What you will do :: Please output the listing below character for character and omit the images.

The data ::
○ ○ ○

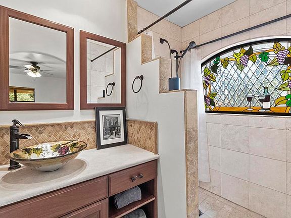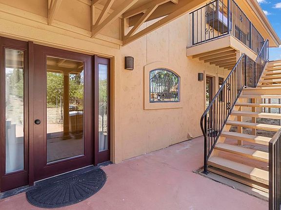 Breathtaking Mountain Home Retreat on 5+ Acres with Stunning Views! This home offers 4 bedrooms, an office, and a bonus room. The downstairs entrance through the carport will lead you to a charming bedroom with an ensuite and direct access to the yard. The downstairs hallway features closets/storage, a laundry room and two additional bedrooms. One of the bedrooms provides access to a bonus room with an additional closet and a fireplace. You can enjoy the beautiful view with direct access to a private patio, where you can hear the sounds of the running water feature. You can also access the home from the exterior stairwell that leads to a deck with breathtaking views. The living room boasts large windows that showcase the stunning mountain views, a cozy fireplace that is perfect for chilly nights, and an open kitchen that was recently updated for entertaining. There is also an office, perfect for those who work from home or need extra space for hobbies. The primary bedroom with a private bathroom is also located upstairs, which was recently remodeled. The primary bedroom features a large walk-in closet and an additional closet for any additional storage needs. This home is equipped with central heating and AC controlled by Nest, ensuring that you are comfortable year-round. The home also features solar panels with 3 Tesla batteries, making it energy efficient and environmentally friendly. Step outside to your own private oasis. Enjoy the beautiful mountain scenery from one of the home's private decking areas, recently upgraded to trex. The 5+ acre property has numerous fruit trees, 2 wells, fencing, gated access, 2 carports, and 3 storage buildings. The storage building near the lower carport and the Quonset hut have concrete flooring and 220 amps. There is a poured slab for RV parking and a level pad below the main home with a separate driveway, possible use as an additional home location site. This home is perfect for those who love the outdoors. The property features hiking trails and is located near popular outdoor destinations such as Lake Cuyamaca and Mount Laguna.
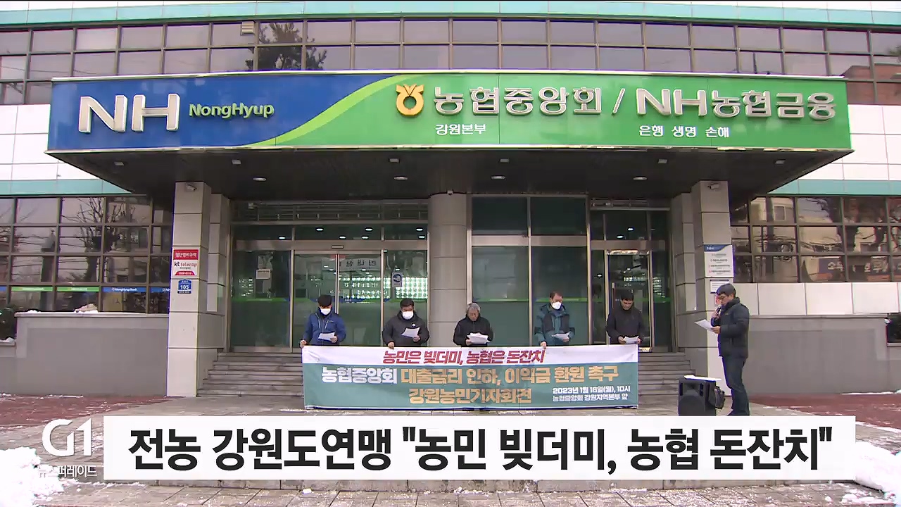 전국농민회총연맹 강원도연맹이 오늘(16일) 농협중앙회의 대출 금리 인하와 이익금 환원을 촉구하는 기자회견을 열었습니다.
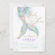 The back of the invitation features a beautiful pattern of mermaid scales in soft pastel colours, accented with shimmering gold, adding a touch of elegance and whimsy to the overall design
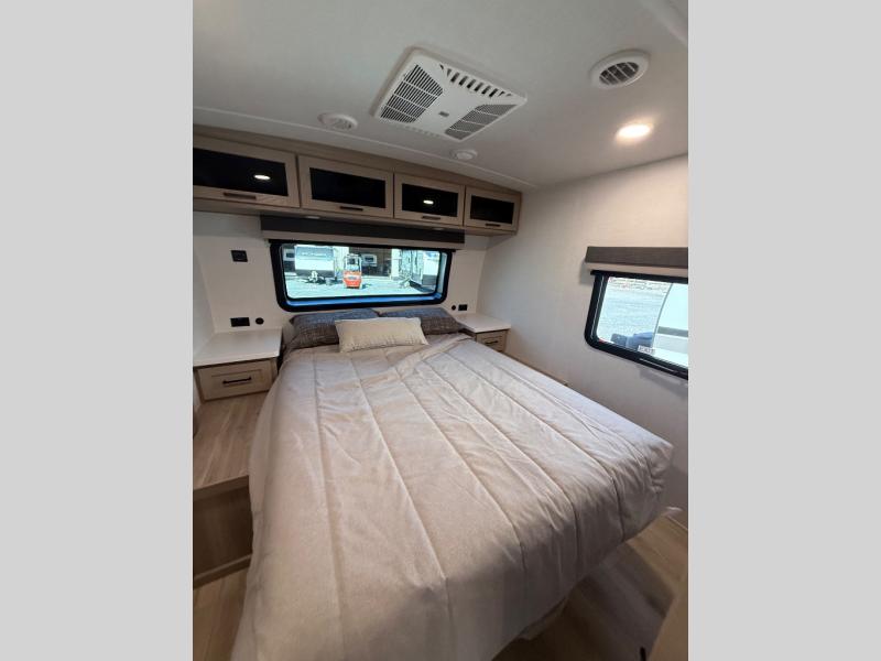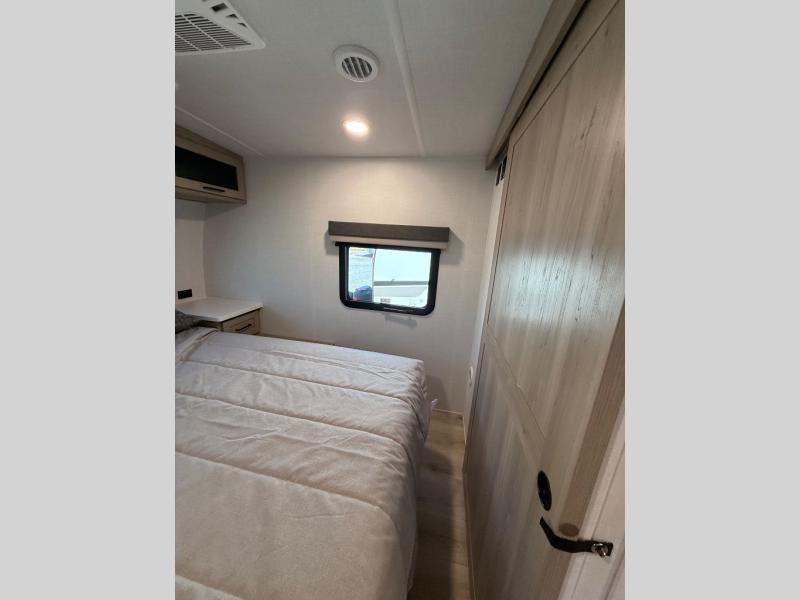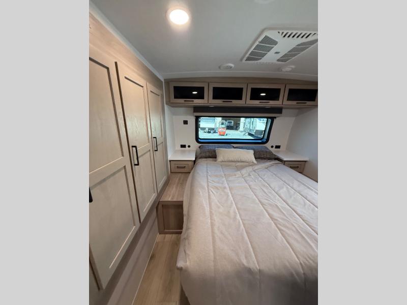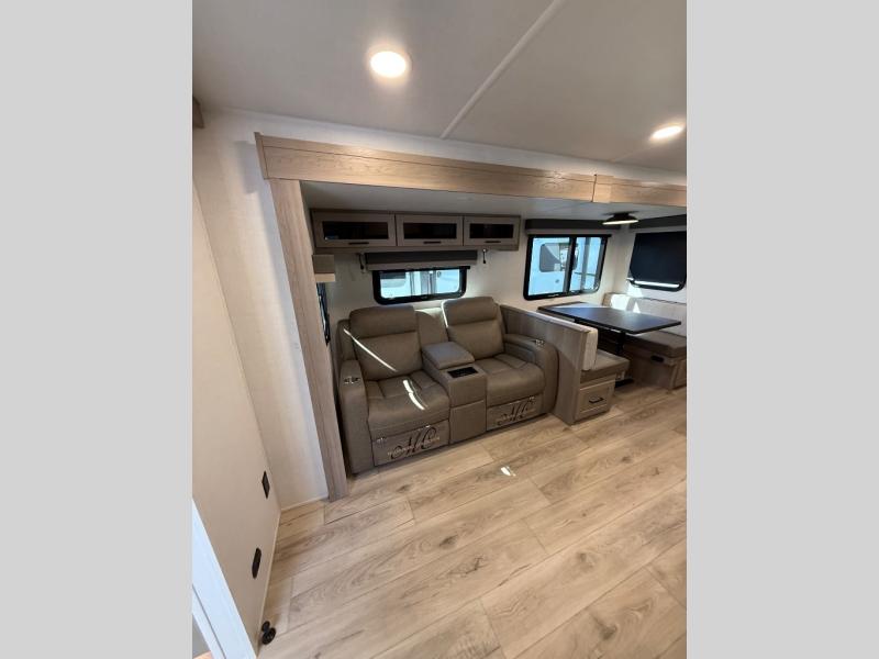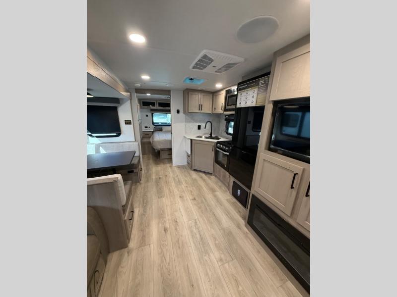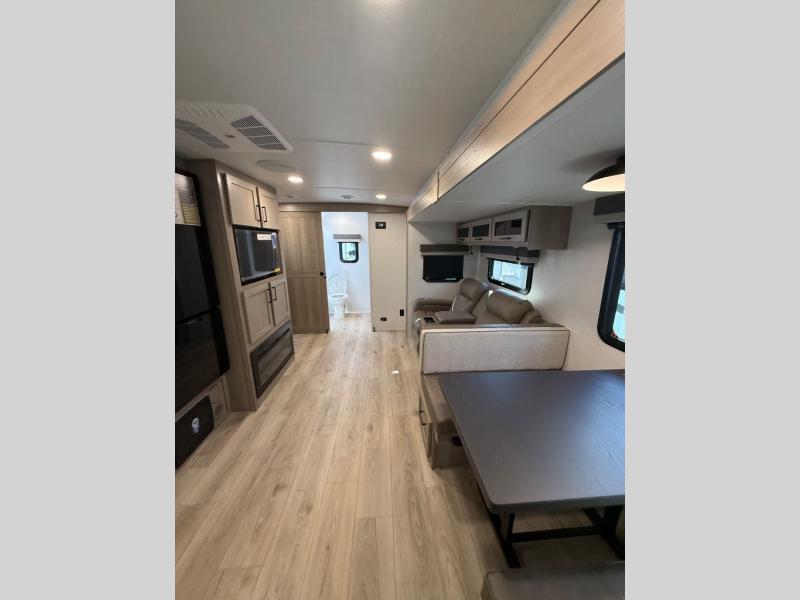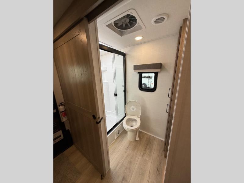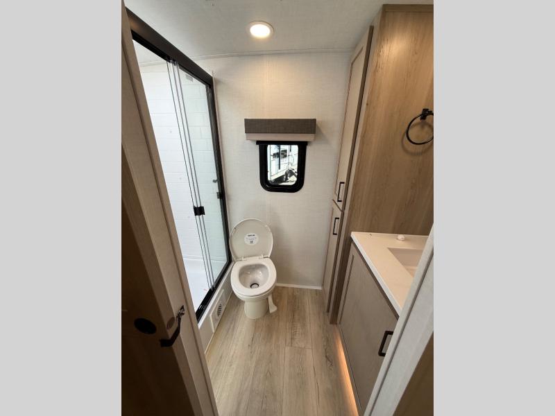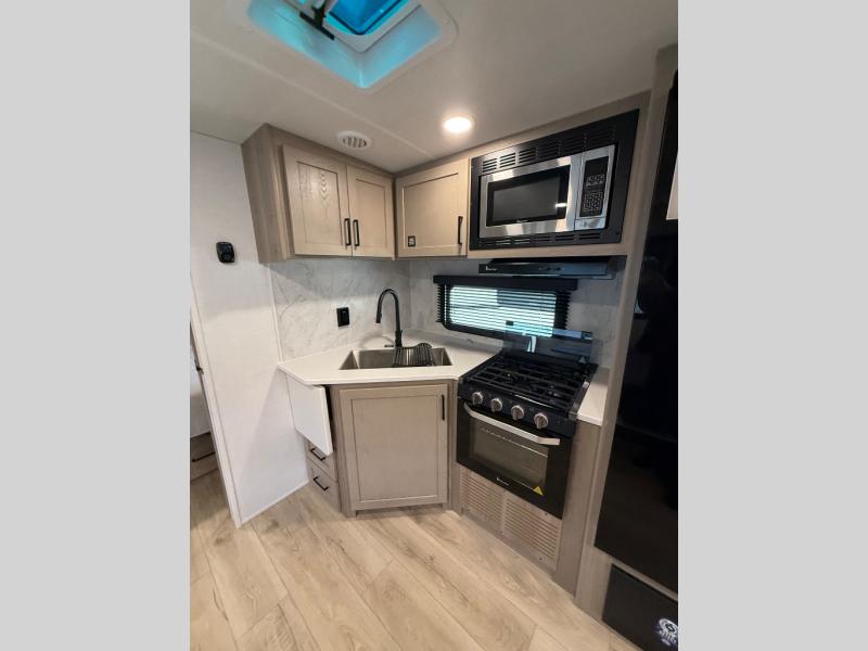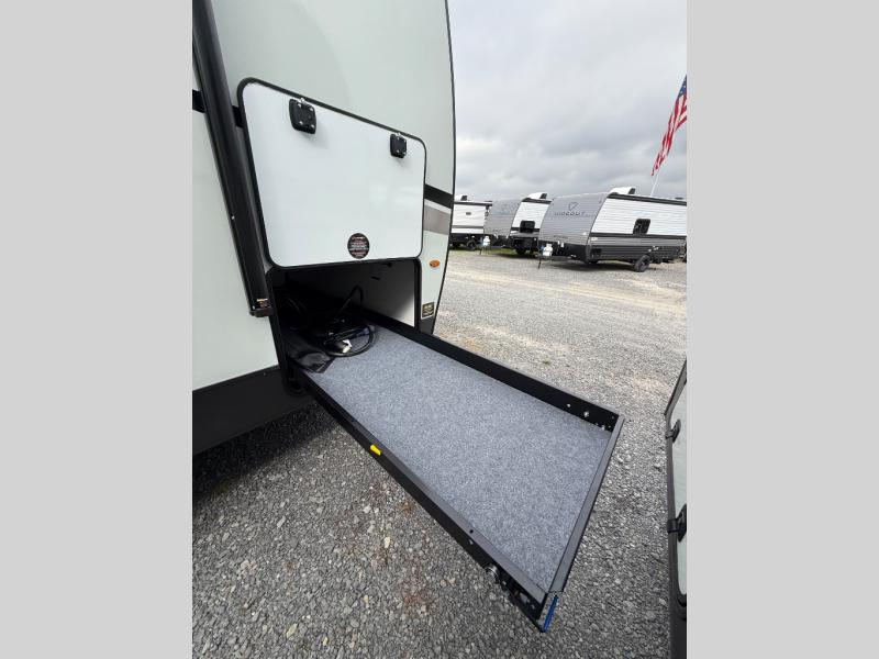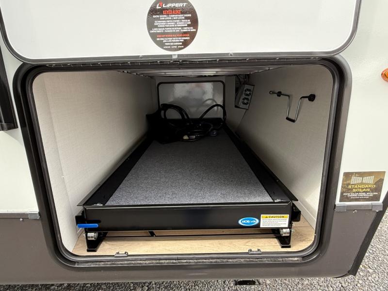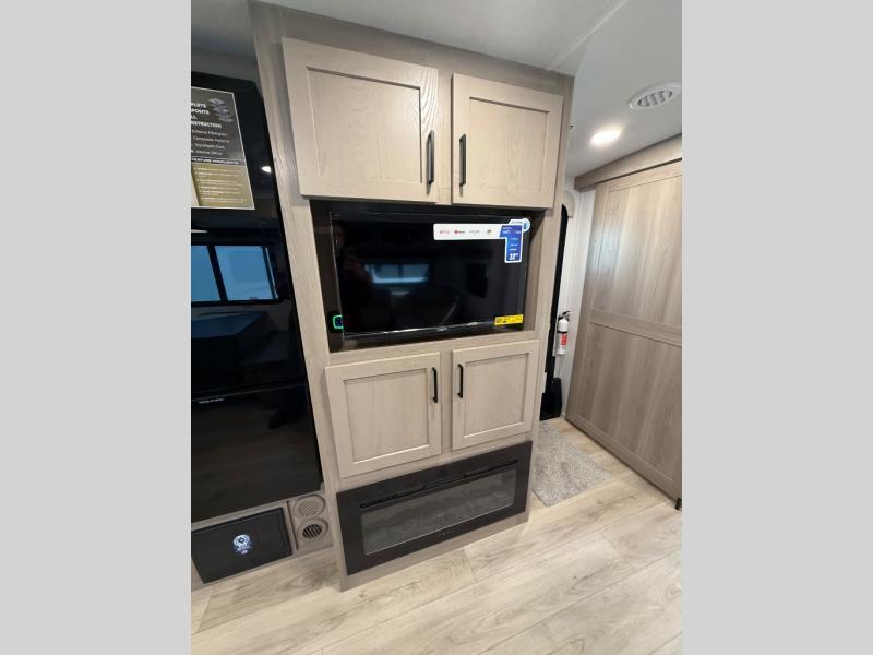 This trailer is the perfect couple's retreat with its private bedroom up front which includes a queen bed, a slide out wardrobe, and a TV option. The spacious rear full bathroom provides a shower and linen storage, and a space savings sliding door. The cook will have full amenities with ample counter space, a walk-in pantry for food storage, and a three burner range to cook meals on. If the weather is nice outside, you can make dinner on the exterior griddle, and there is a 21' awning to relax under. Or you can stay inside to enjoy the fireplace and Smart TV! You will also appreciate the pass thru storage with an optional steel sliding tray to easily access gear!

○ ○ ○

Response box ::
 Breathtaking Mountain Home Retreat on 5+ Acres with Stunning Views! This home offers 4 bedrooms, an office, and a bonus room. The downstairs entrance through the carport will lead you to a charming bedroom with an ensuite and direct access to the yard. The downstairs hallway features closets/storage, a laundry room and two additional bedrooms. One of the bedrooms provides access to a bonus room with an additional closet and a fireplace. You can enjoy the beautiful view with direct access to a private patio, where you can hear the sounds of the running water feature. You can also access the home from the exterior stairwell that leads to a deck with breathtaking views. The living room boasts large windows that showcase the stunning mountain views, a cozy fireplace that is perfect for chilly nights, and an open kitchen that was recently updated for entertaining. There is also an office, perfect for those who work from home or need extra space for hobbies. The primary bedroom with a private bathroom is also located upstairs, which was recently remodeled. The primary bedroom features a large walk-in closet and an additional closet for any additional storage needs. This home is equipped with central heating and AC controlled by Nest, ensuring that you are comfortable year-round. The home also features solar panels with 3 Tesla batteries, making it energy efficient and environmentally friendly. Step outside to your own private oasis. Enjoy the beautiful mountain scenery from one of the home's private decking areas, recently upgraded to trex. The 5+ acre property has numerous fruit trees, 2 wells, fencing, gated access, 2 carports, and 3 storage buildings. The storage building near the lower carport and the Quonset hut have concrete flooring and 220 amps. There is a poured slab for RV parking and a level pad below the main home with a separate driveway, possible use as an additional home location site. This home is perfect for those who love the outdoors. The property features hiking trails and is located near popular outdoor destinations such as Lake Cuyamaca and Mount Laguna.
 전국농민회총연맹 강원도연맹이 오늘(16일) 농협중앙회의 대출 금리 인하와 이익금 환원을 촉구하는 기자회견을 열었습니다.
 The back of the invitation features a beautiful pattern of mermaid scales in soft pastel colours, accented with shimmering gold, adding a touch of elegance and whimsy to the overall design
 This trailer is the perfect couple's retreat with its private bedroom up front which includes a queen bed, a slide out wardrobe, and a TV option. The spacious rear full bathroom provides a shower and linen storage, and a space savings sliding door. The cook will have full amenities with ample counter space, a walk-in pantry for food storage, and a three burner range to cook meals on. If the weather is nice outside, you can make dinner on the exterior griddle, and there is a 21' awning to relax under. Or you can stay inside to enjoy the fireplace and Smart TV! You will also appreciate the pass thru storage with an optional steel sliding tray to easily access gear!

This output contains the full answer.